I still can't wrap my head around why 0^0 = 1

If 0x0=0, and 0^0 is functionally identical to 0x0, why is it 1??

[-] Narrrz@kbin.social 4 points 1 year ago

it makes graphs look nicer.

however, 0^0 isn't 0x0, that would be 0^2. 0^1 is 0x1, anything^0 is... well, it's 1. afaik there isn't am equivalent mathematical expression to n^0, it's multiplying a number by itself -1x, or something equally mind melting.

[-] nekomusumeninaritai@lemmy.blahaj.zone 3 points 1 year ago* (last edited 1 year ago)
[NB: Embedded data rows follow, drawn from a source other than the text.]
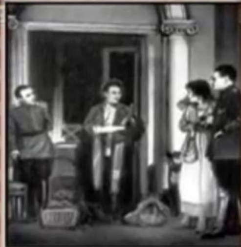
МХАТ. Сцены из спектакля "Дни Турбиных" М. А. Булгакова. 1926.

Однако, в своих выступлениях И. Сталин говорил: «Дни Турбиных» - «антисоветская штука, и Булгаков не наш».
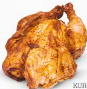
KURCZAK Z ROŻNA
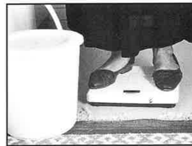
Hallå kolla, vad är detta? Jo, därom kan vi ge besked på SID 13
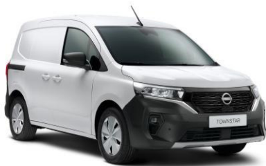
Fehér QNG – 0 Ft*
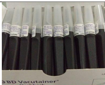
Gambar 5. Jarum Vacum
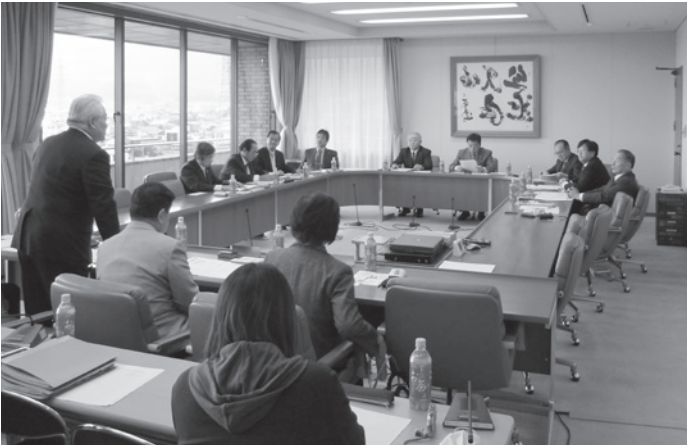
▲議会運営委員会視察

I'd imagine you want something defined recursively like multiplication

  • ( 0x = 0 )
  • ( xy = x(y-1)+ x ) ( y > 0 ).

So it needs to be

  • ( x^0 = c ) (c is some constant)
  • ( x^y = xx^{y-1} ) (( y > 0 ) (to see why, replace multiplication with exponentiation and addition with multiplication). So what could ( c ) be? Well, the recursive exponentiation definition we want refers to ( x^0 ) in ( x^1 ). ( x^1 ) must be ( x ) by the thing we wish to capture in the formalism (multiplication repeated a single time). So the proposed formalism has ( x = x^1 = xx^0 = xc ). So ( cx = x ) hence ( c = 1 ), the multiplicative identity. Anything else would leave exponentiation to a zeroth power undefined, require a special case for a zeroth power and make the base definition that of ( x^1 ), or violate the intuition that exponentiation is repeated multiplication.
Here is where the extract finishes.